#### Task requirements:
Your answer should hold the data exactly as given, minus any picture.

#### Data provided:
################
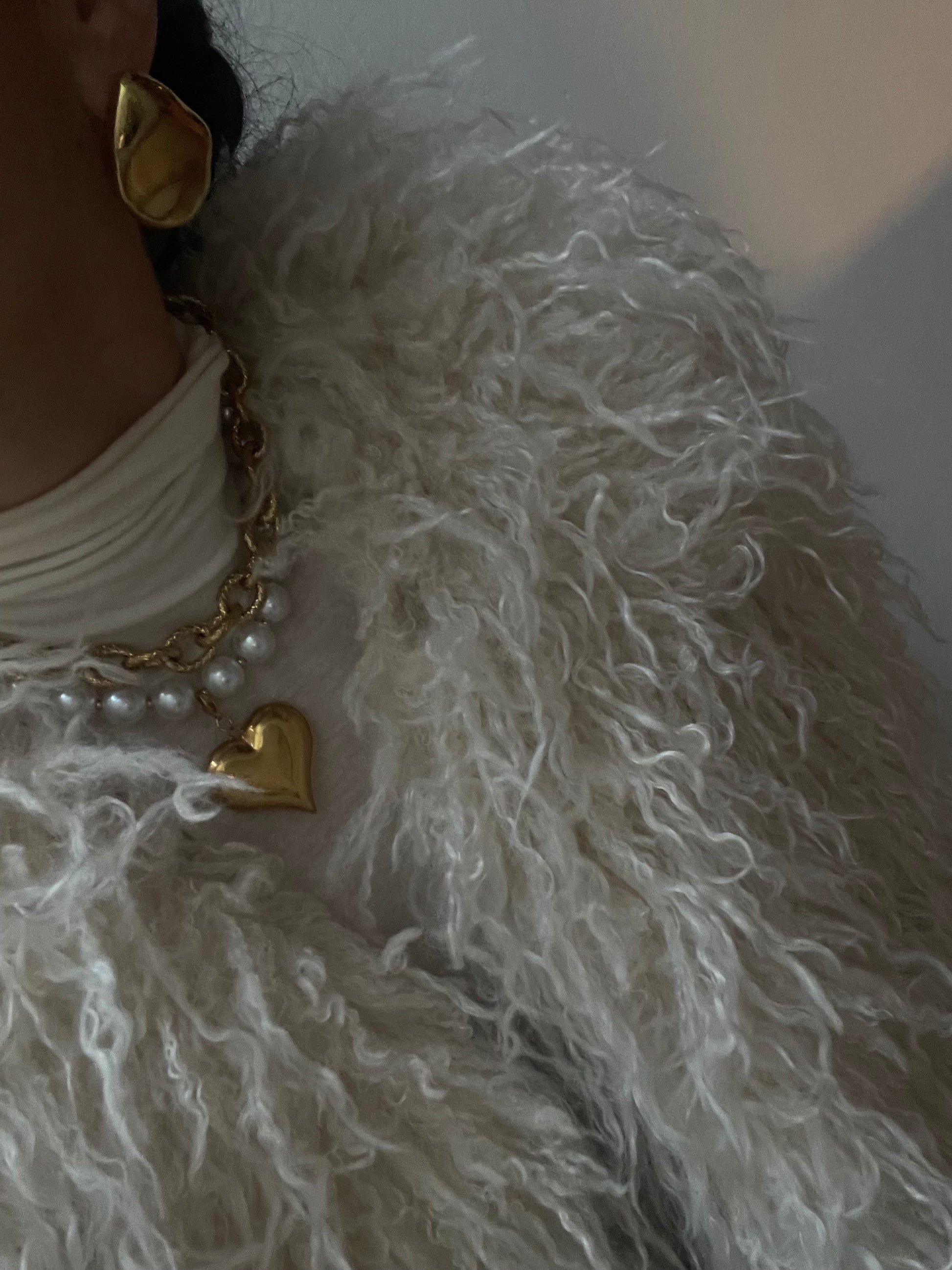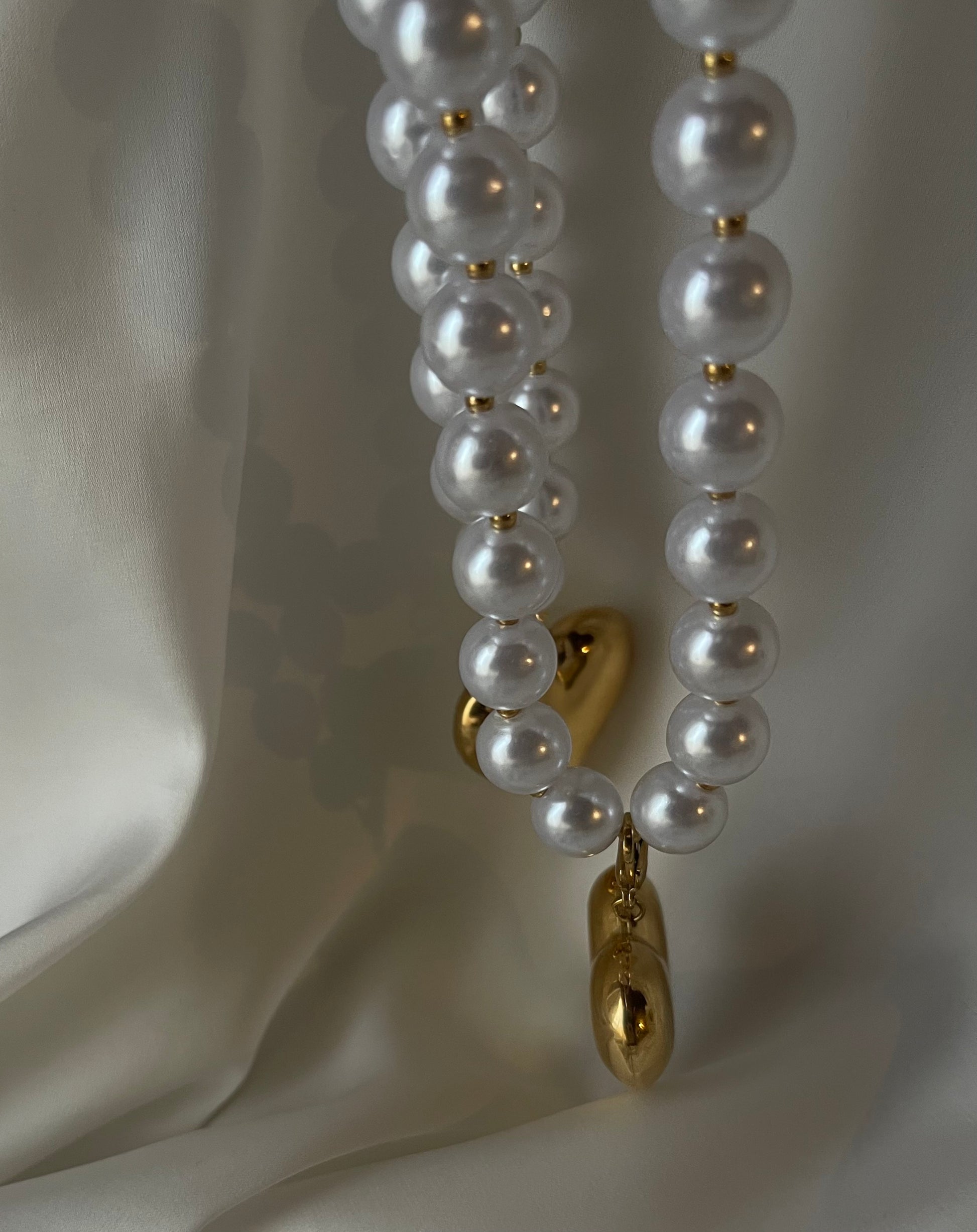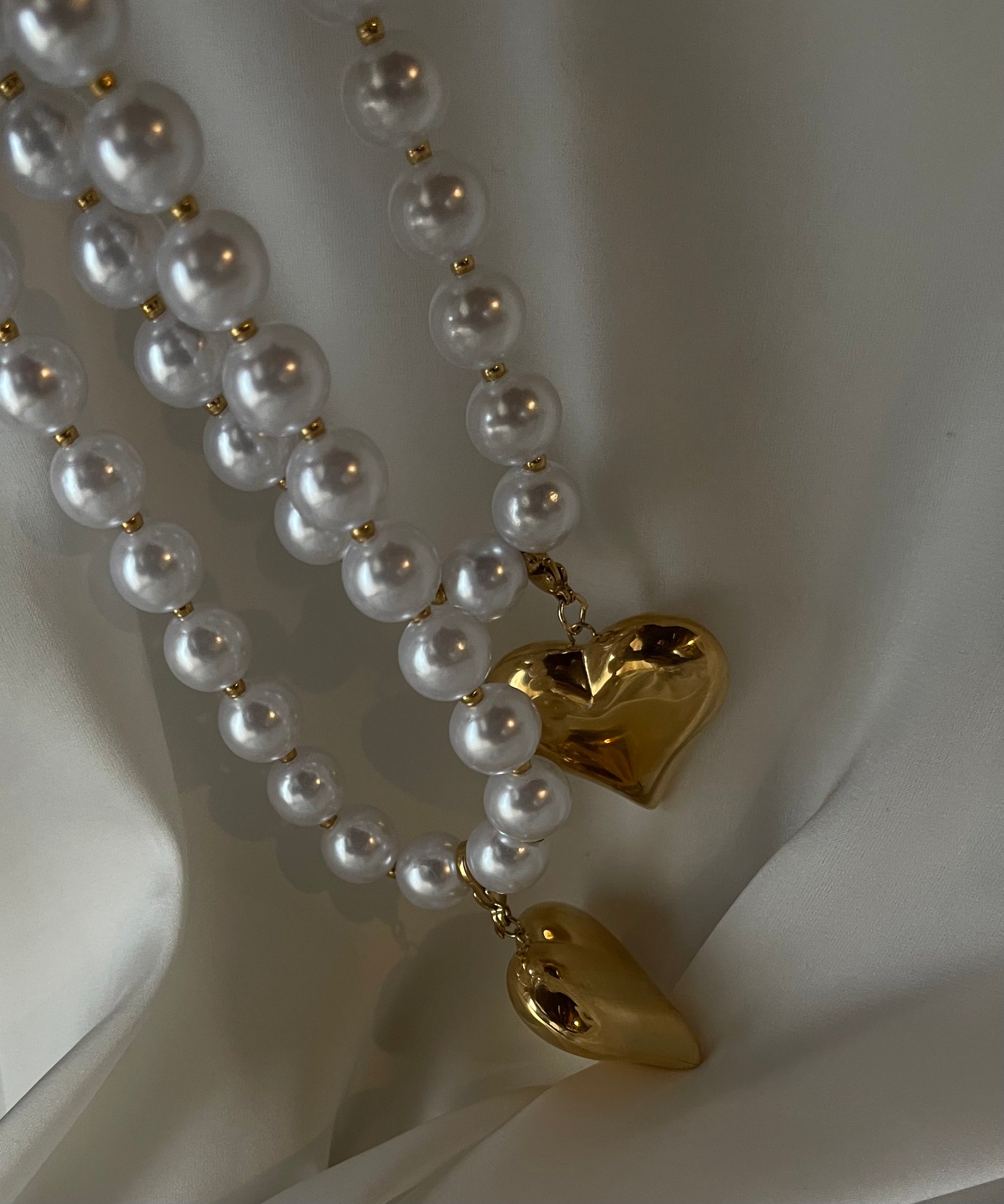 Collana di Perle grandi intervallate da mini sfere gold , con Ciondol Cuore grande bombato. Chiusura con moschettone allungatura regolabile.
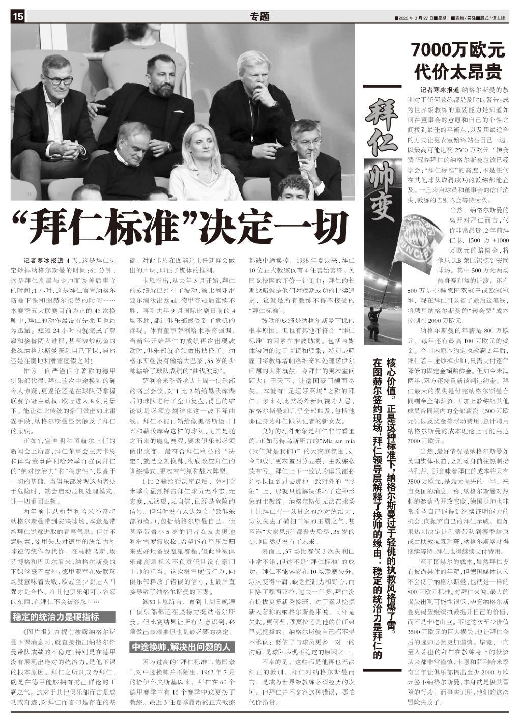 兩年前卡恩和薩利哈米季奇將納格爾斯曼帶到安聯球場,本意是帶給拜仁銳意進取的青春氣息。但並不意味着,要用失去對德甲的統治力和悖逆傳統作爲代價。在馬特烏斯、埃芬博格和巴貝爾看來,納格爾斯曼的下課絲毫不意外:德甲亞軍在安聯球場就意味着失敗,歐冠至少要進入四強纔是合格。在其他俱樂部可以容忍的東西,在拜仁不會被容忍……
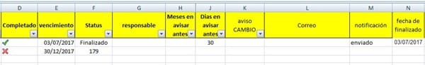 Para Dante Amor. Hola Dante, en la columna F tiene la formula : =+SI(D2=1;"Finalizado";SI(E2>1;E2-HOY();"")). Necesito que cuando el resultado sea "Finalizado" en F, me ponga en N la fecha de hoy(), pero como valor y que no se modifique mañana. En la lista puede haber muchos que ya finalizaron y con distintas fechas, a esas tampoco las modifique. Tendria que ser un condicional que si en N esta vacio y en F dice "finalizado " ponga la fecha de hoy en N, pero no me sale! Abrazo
################
#### Exercise output:
 Collana di Perle grandi intervallate da mini sfere gold , con Ciondol Cuore grande bombato. Chiusura con moschettone allungatura regolabile.
 兩年前卡恩和薩利哈米季奇將納格爾斯曼帶到安聯球場,本意是帶給拜仁銳意進取的青春氣息。但並不意味着,要用失去對德甲的統治力和悖逆傳統作爲代價。在馬特烏斯、埃芬博格和巴貝爾看來,納格爾斯曼的下課絲毫不意外:德甲亞軍在安聯球場就意味着失敗,歐冠至少要進入四強纔是合格。在其他俱樂部可以容忍的東西,在拜仁不會被容忍……
 Para Dante Amor. Hola Dante, en la columna F tiene la formula : =+SI(D2=1;"Finalizado";SI(E2>1;E2-HOY();"")). Necesito que cuando el resultado sea "Finalizado" en F, me ponga en N la fecha de hoy(), pero como valor y que no se modifique mañana. En la lista puede haber muchos que ya finalizaron y con distintas fechas, a esas tampoco las modifique. Tendria que ser un condicional que si en N esta vacio y en F dice "finalizado " ponga la fecha de hoy en N, pero no me sale! Abrazo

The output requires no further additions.